During BFS, each word is visited at most once, and pattern lists are cleared after use, preventing repeated work. This keeps traversal efficient and preserves the same asymptotic complexity.
Test Cases
solution = Solution()
# Example 1
assert solution.ladderLength(
"hit",
"cog",
["hot", "dot", "dog", "lot", "log", "cog"]
) == 5 # Standard valid transformation
# Example 2
assert solution.ladderLength(
"hit",
"cog",
["hot", "dot", "dog", "lot", "log"]
) == 0 # endWord missing
# Direct transformation
assert solution.ladderLength(
"hit",
"hot",
["hot"]
) == 2 # Single transformation
# No valid path despite endWord existing
assert solution.ladderLength(
"hit",
"cog",
["hot", "dot", "tod", "hog", "cog"]
) == 0 # Disconnected graph
# Multiple shortest paths
assert solution.ladderLength(
"hit",
"cog",
["hot", "dot", "dog", "lot", "log", "cog"]
) == 5 # Several shortest routes
# Smallest valid dictionary
assert solution.ladderLength(
"a",
"c",
["a", "b", "c"]
) == 2 # Single-character words
# Larger branching factor
assert solution.ladderLength(
"red",
"tax",
["ted", "tex", "red", "tax", "tad", "den", "rex", "pee"]
) == 4 # Multiple branching choices
| Test | Why |
|---|---|
| Example 1 | Verifies standard shortest transformation |
| Example 2 | Verifies immediate failure when endWord is absent |
| Direct transformation | Tests one-step conversion |
| No valid path | Ensures disconnected graph returns 0 |
| Multiple shortest paths | Confirms BFS finds minimum distance |
| Smallest valid dictionary | Tests minimal word length |
| Larger branching factor | Verifies BFS correctness under many choices |
Edge Cases
endWord Does Not Exist in the Dictionary
This is the most important edge case. Since every transformed word must belong to wordList, reaching an endWord outside the dictionary is impossible.
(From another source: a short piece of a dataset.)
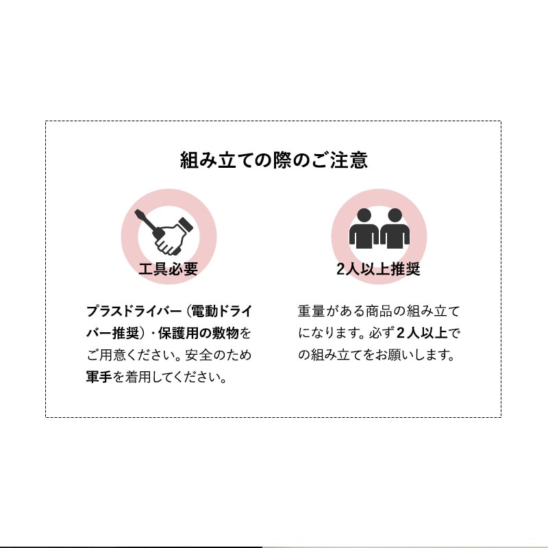 | 組立所要時間 | 大人2人で約60分 ※プラスドライバーをご用意ください。 ※組立時、電動ドライバー・軍手・敷物があると便利です。 ※大人2人以上での組み立てを推奨 |
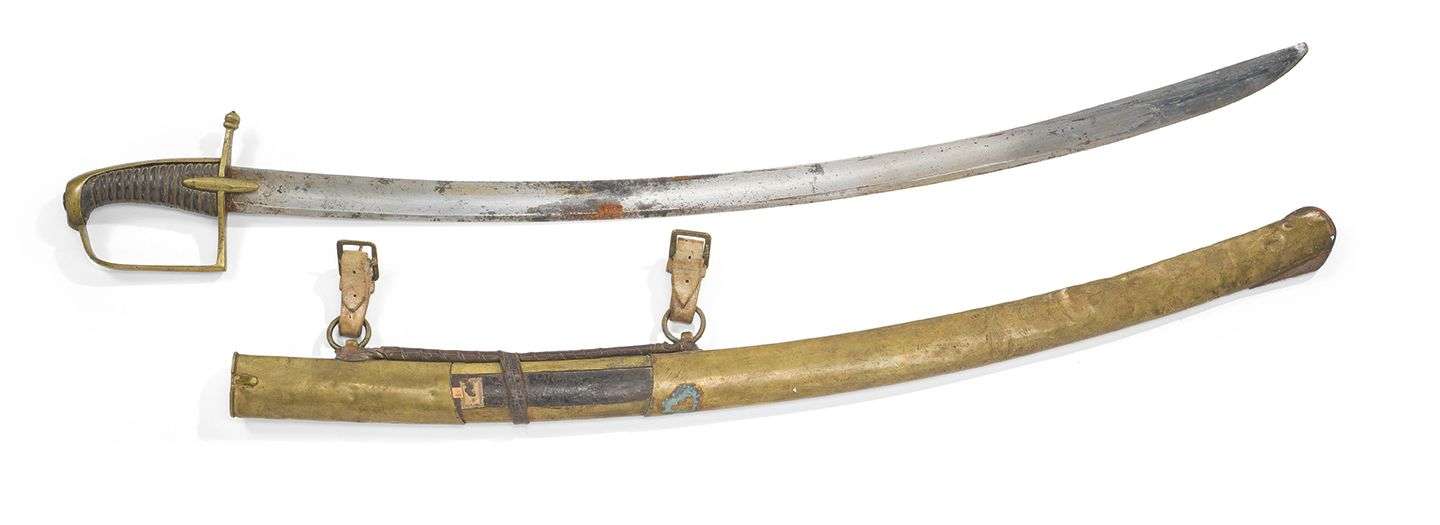 SABRE DE HUSSARD MODÈLE TROUPE TYPE AN IV Monture en laiton. Calotte ovale à longue queue, arc de jointure plat à angle droit, quillon légèrement courbé et croisière en amande. Fusée en bois recouverte de cuir filigrané laiton. Lame courbe à pans creux et contre-tranchant.

A naive implementation might still run BFS unnecessarily, wasting time. Our implementation explicitly checks this condition at the start:
if endWord not in wordList:
return 0
This guarantees immediate termination.
No Valid Transformation Path Exists
Even if endWord exists, there may be no chain connecting beginWord to it.
For example:
beginWord = "hit"
endWord = "cog"
wordList = ["hot","dot","tod","hog","cog"]
The graph is disconnected, so BFS eventually exhausts all possibilities and returns 0.
Our implementation naturally handles this by finishing traversal and returning:
0
when the queue becomes empty.
Many Similar Words Causing Excessive Reprocessing
A dictionary with many overlapping patterns can cause repeated neighbor scanning.
For example:
hot, dot, lot, pot, cot, got
all share:
*ot
Without optimization, the same adjacency list might be scanned repeatedly for every BFS node.
Our implementation avoids this inefficiency by clearing processed pattern entries:
pattern_map[pattern] = []
This ensures each wildcard group is traversed at most once, significantly improving performance for dense graphs.